DATA RECORDS:
^^^^^^^^^^^^^^^^
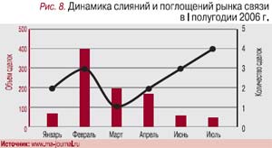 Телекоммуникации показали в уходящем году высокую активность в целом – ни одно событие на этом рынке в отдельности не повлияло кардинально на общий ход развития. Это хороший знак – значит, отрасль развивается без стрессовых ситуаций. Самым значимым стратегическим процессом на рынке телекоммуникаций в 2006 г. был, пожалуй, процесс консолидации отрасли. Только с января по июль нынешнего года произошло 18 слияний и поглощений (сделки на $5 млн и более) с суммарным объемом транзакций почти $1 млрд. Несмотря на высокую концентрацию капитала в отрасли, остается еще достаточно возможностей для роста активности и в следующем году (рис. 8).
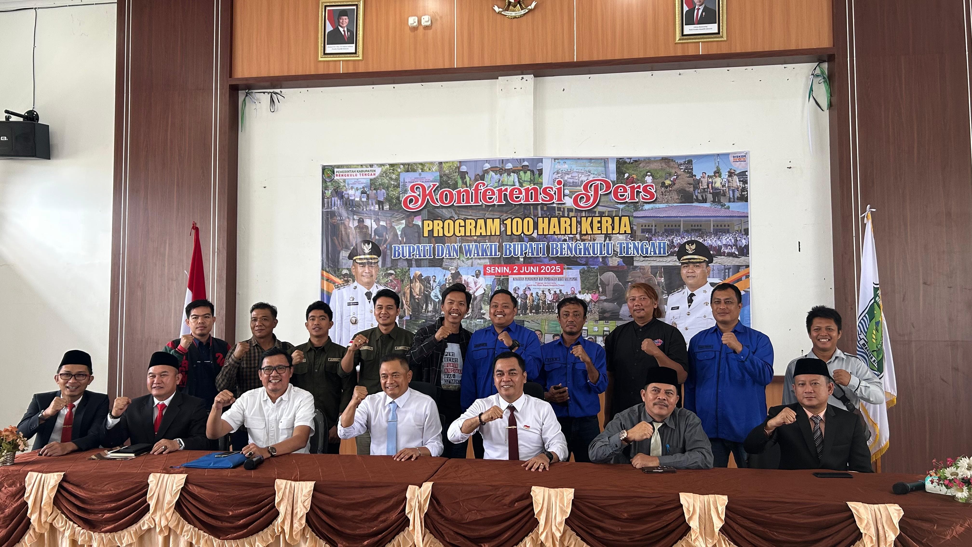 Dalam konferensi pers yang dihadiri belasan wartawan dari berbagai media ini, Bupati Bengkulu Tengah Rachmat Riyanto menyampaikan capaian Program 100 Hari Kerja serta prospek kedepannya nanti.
^^^^^^^^^^^^^^^^
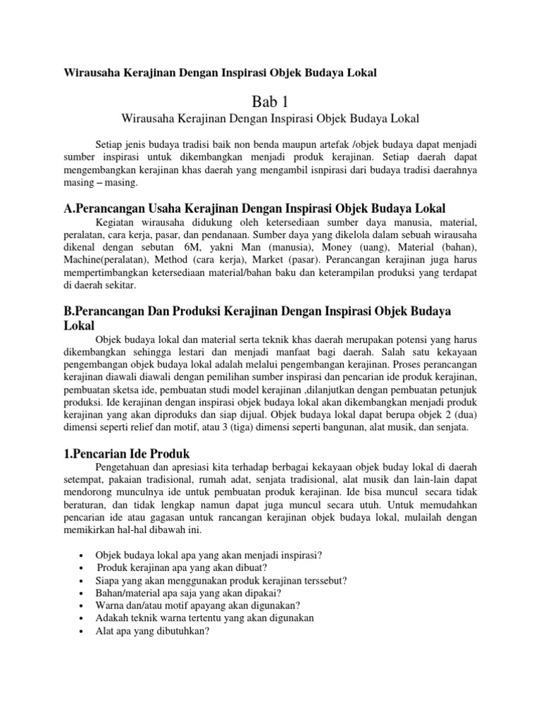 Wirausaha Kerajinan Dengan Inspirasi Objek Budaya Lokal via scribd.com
^^^^^^^^^^^^^^^^
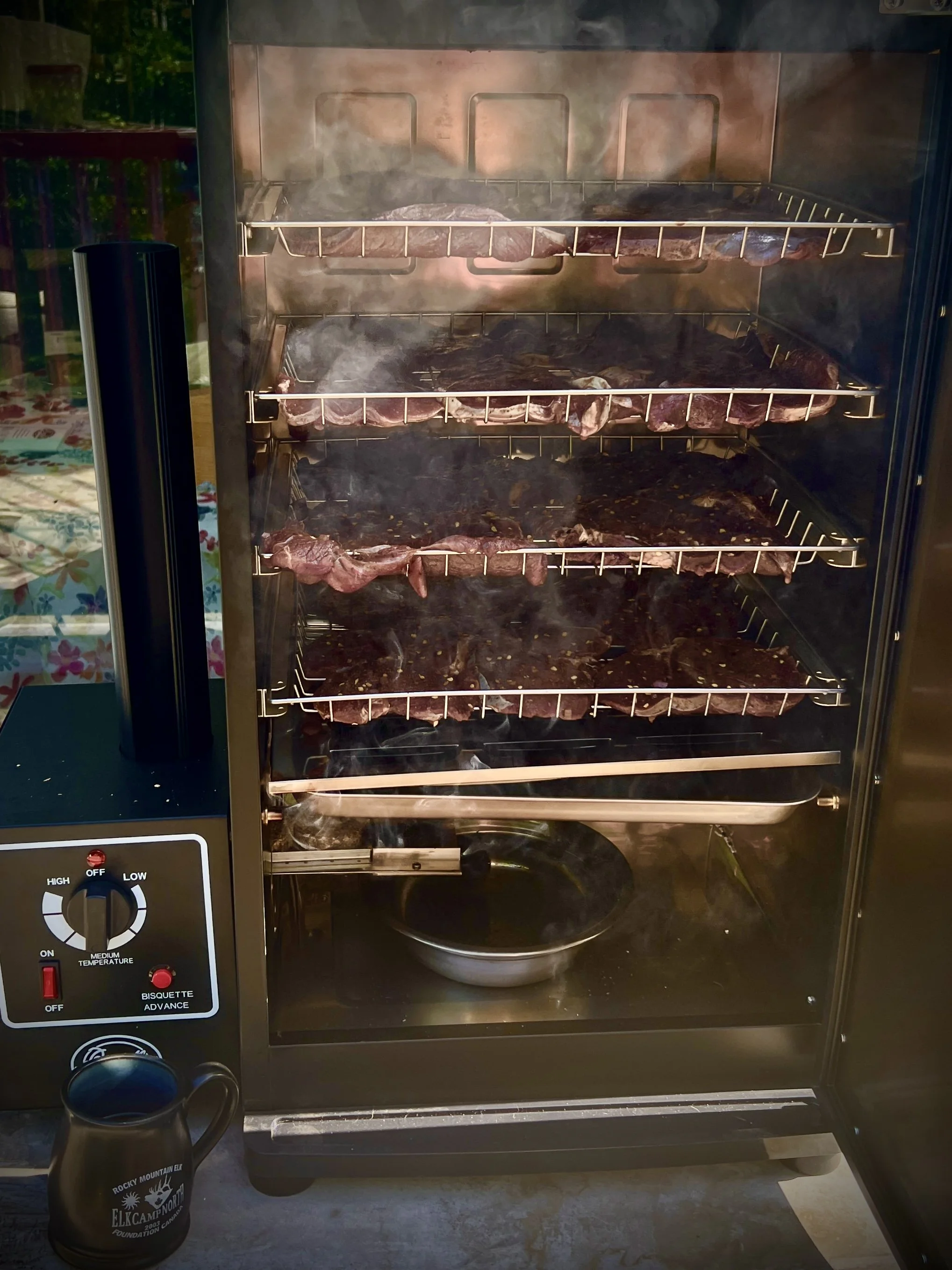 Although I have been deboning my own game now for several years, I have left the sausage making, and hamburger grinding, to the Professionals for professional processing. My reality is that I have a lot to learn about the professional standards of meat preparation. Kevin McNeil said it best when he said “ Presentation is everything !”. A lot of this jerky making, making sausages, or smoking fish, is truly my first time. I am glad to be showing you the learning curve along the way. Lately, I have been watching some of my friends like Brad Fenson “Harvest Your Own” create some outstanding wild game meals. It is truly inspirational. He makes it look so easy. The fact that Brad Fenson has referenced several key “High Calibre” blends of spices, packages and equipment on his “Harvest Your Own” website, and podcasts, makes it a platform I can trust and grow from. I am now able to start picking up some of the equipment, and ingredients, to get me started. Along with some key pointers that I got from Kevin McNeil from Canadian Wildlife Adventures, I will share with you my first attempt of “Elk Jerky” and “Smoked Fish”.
^^^^^^^^^^^^^^^^
TO DO:
Although the records hold pictures, the copy must not; give again exactly the lines from the one with "Телекоммуникации показали в" through the one with "Dalam konferensi pers".

ANSWER FOR THIS EXERCISE:
 Телекоммуникации показали в уходящем году высокую активность в целом – ни одно событие на этом рынке в отдельности не повлияло кардинально на общий ход развития. Это хороший знак – значит, отрасль развивается без стрессовых ситуаций. Самым значимым стратегическим процессом на рынке телекоммуникаций в 2006 г. был, пожалуй, процесс консолидации отрасли. Только с января по июль нынешнего года произошло 18 слияний и поглощений (сделки на $5 млн и более) с суммарным объемом транзакций почти $1 млрд. Несмотря на высокую концентрацию капитала в отрасли, остается еще достаточно возможностей для роста активности и в следующем году (рис. 8).
 Dalam konferensi pers yang dihadiri belasan wartawan dari berbagai media ini, Bupati Bengkulu Tengah Rachmat Riyanto menyampaikan capaian Program 100 Hari Kerja serta prospek kedepannya nanti.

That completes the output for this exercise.